I live in saint clair county michigan and have gone out 4 times now and havent seen a coyote yet. I have been reading alot AND HAVE A ELECTRONIC CALLER AND GOOD CAMO and even bought a fake rabbit that moves im not sure if im in a bad area or im doing something wrong.
help please:sad:


----------



## spideyman (Dec 31, 2005)

I also have an e-caller and good camo. only started hunting yotes this year. never saw any yet, did hear them howl. I am hoping to call one in soon.


----------



## Fur and Feathers (Apr 11, 2007)

I got out after the eclipse and froooooze my tail off. Bright night, you could see a long ways. No luck, didn't even hear one. Will get back out this week hopefully.


----------



## DarkBlue (Feb 18, 2008)

Don't get to down on yourselves guys. It's mating season now coupled with deep snow, and the coyotes are TOUGH to call. Mostly older, seasoned coyotes are out there right now who have heard a lot of calls. I tend to stick with female invite, or male challenges through this time, but sometimes it takes a distress call.
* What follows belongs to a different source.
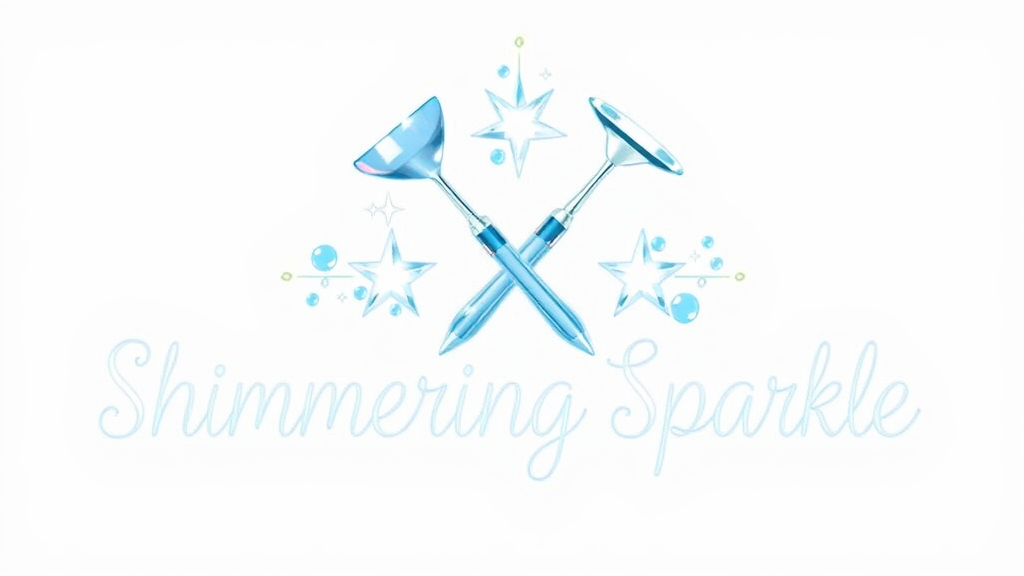 Shimmering Sparkle logo with a polished crystal design featuring a pair of elegant cleaning tools intertwined with stylized stars and bubbles, exuding a fresh and pristine aesthetic.

Unfortunately this time of year most won't answer back to a call, but that doesn't mean they aren't coming. I usually give my sets 10 to 15 minutes extra sit time until it starts getting warmer. The smart dogs just take longer. Come warmer weather you guys will start seeing more animals. Good luck, and don't give up. Chances are you aren't doing anything wrong.


----------